== Data block ==
====

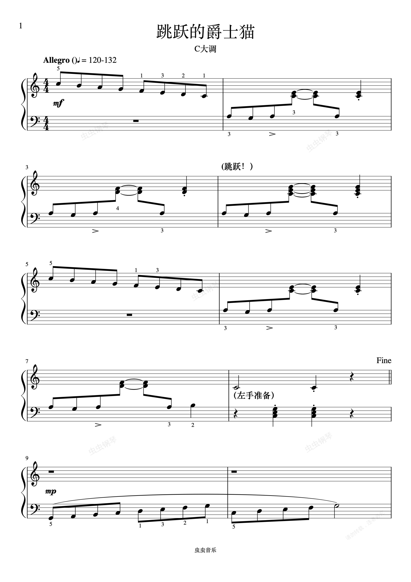 钢琴谱:单元四 跳跃的爵士猫《FBE 课程和乐理》
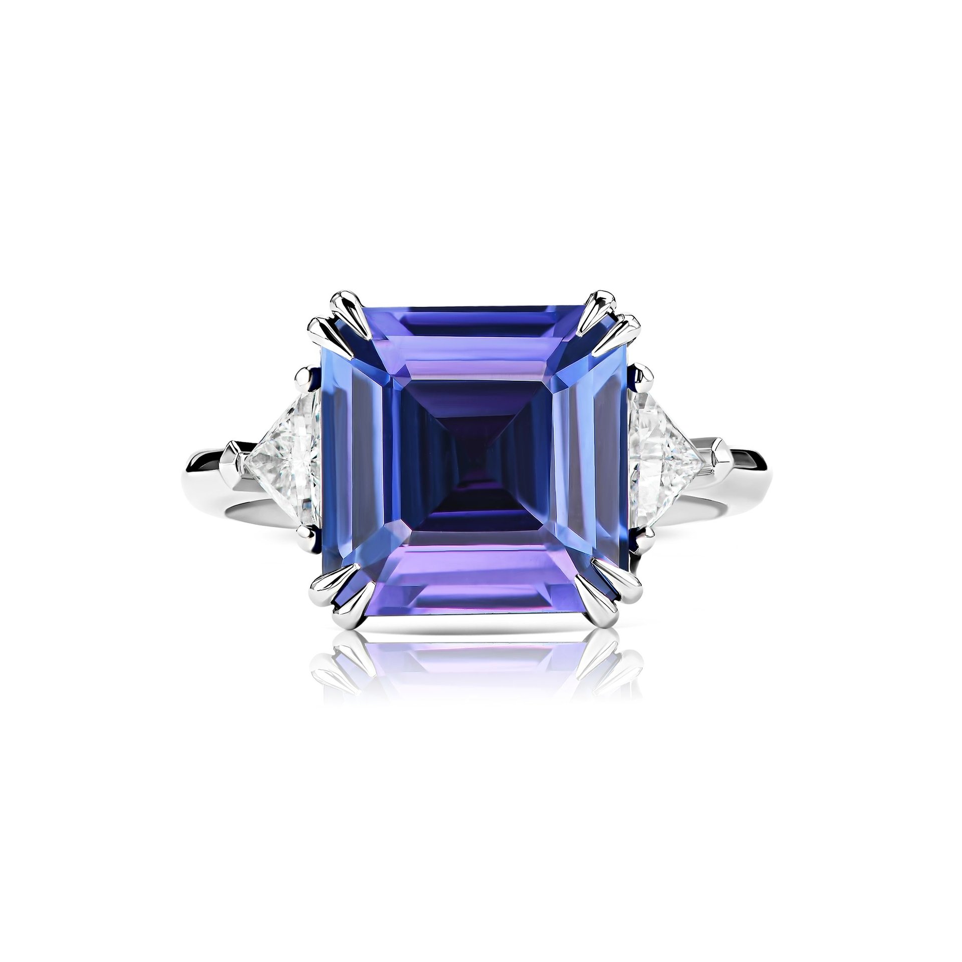 Parure Atelier presents a captivating creation – the Tanzanite Ring, featuring a 7.94 ct bluish-violet tanzanite that exudes a serene oceanic aura. The gemstones octagon shape maximizes its depth and brilliance. Set in 18k white gold, this ring is a harmonious blend of modern design and classic elegance. The tanzanite is flanked by intricately cut trillion diamonds, each chosen for its clarity and sparkle, to accentuate the central stone's majestic hue. The ring's band, also crafted from 18k white gold, is a size 16.5, providing an impeccable fit for its wearer. Its substantial carat weight and bold yet refined aesthetic make it suitable for various occasions, from engagements to celebratory milestones. The Tanzanite Ring by Parure Atelier is a celebration of fine craftsmanship and unique gemstone beauty, making it a perfect addition to any luxury collection.
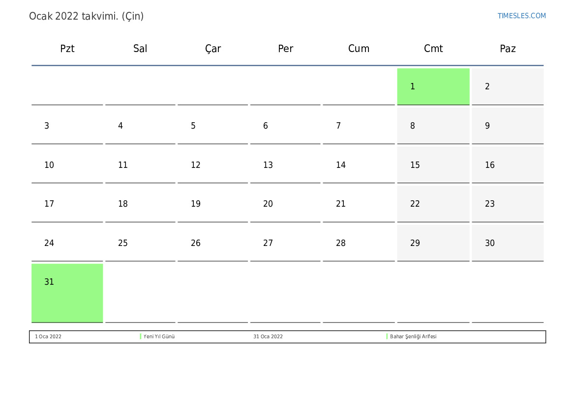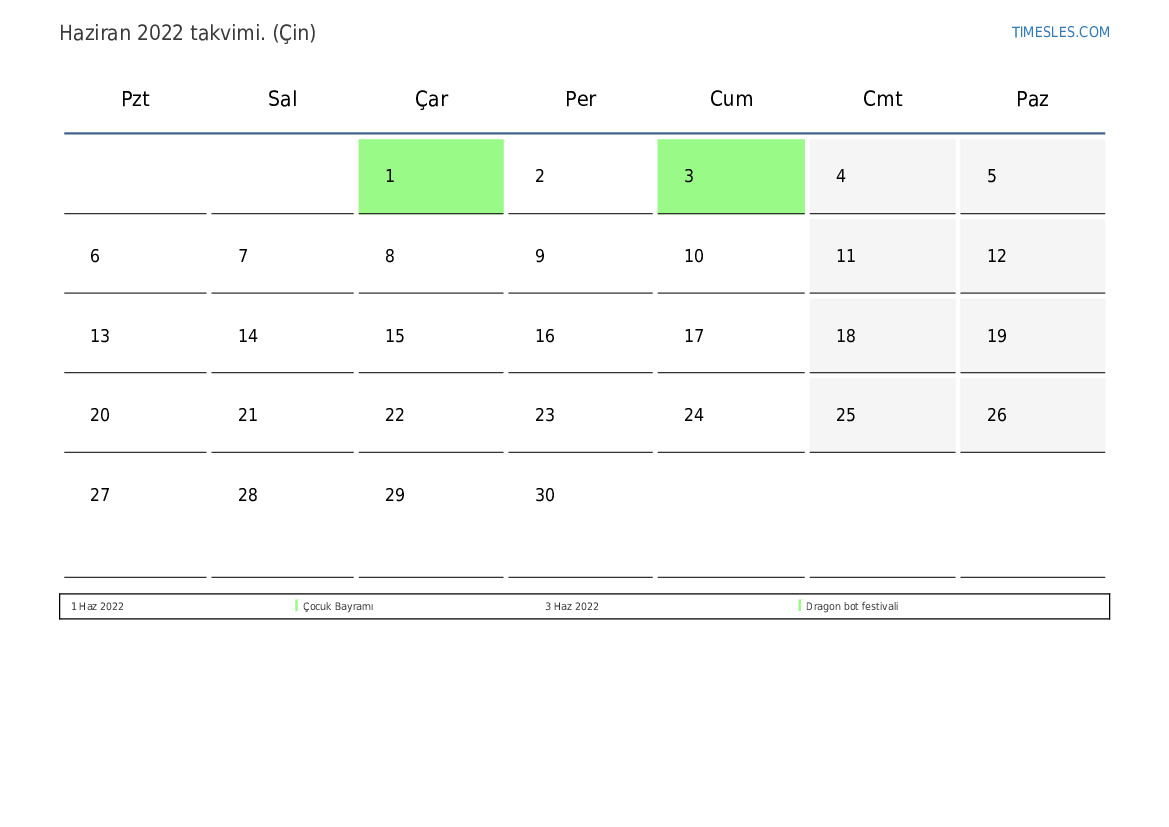Çin için Haziran 2022 tatilleri ve hafta sonlarını içeren PDF takvimini indirin ve yazdırın
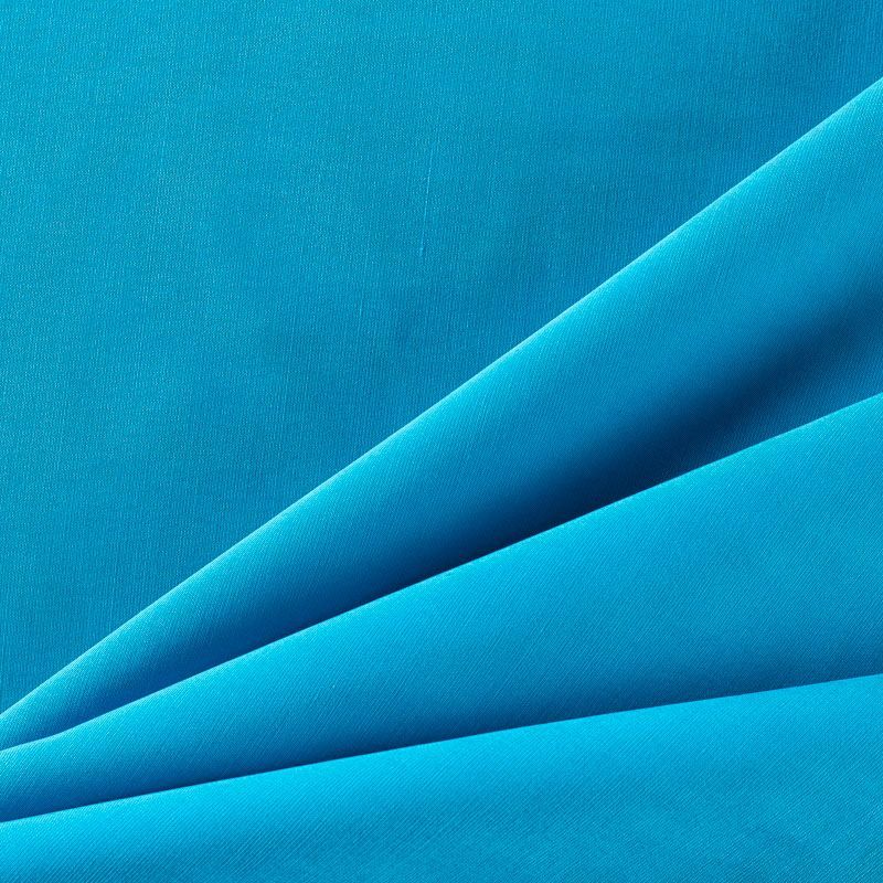Купро плательно-костюмной плотности лазурно-голубого оттенка. Ткань мягкая, пластичная, струящаяся, отлично драпируется, не просвечивает. Поверхность ткани бархатистая, похожа на мокрый шелк. Идеально подойдет для платьев свободного силуэта, брюк-палацио, юбок, шорт, туник, платья-рубашки, блузы.

====

== Instructions to follow ==
The lines from the one containing "Çin için Haziran" to the end of the material must be output exactly, both ends included; no picture may appear.

== Finished exercise ==
Çin için Haziran 2022 tatilleri ve hafta sonlarını içeren PDF takvimini indirin ve yazdırın
Купро плательно-костюмной плотности лазурно-голубого оттенка. Ткань мягкая, пластичная, струящаяся, отлично драпируется, не просвечивает. Поверхность ткани бархатистая, похожа на мокрый шелк. Идеально подойдет для платьев свободного силуэта, брюк-палацио, юбок, шорт, туник, платья-рубашки, блузы.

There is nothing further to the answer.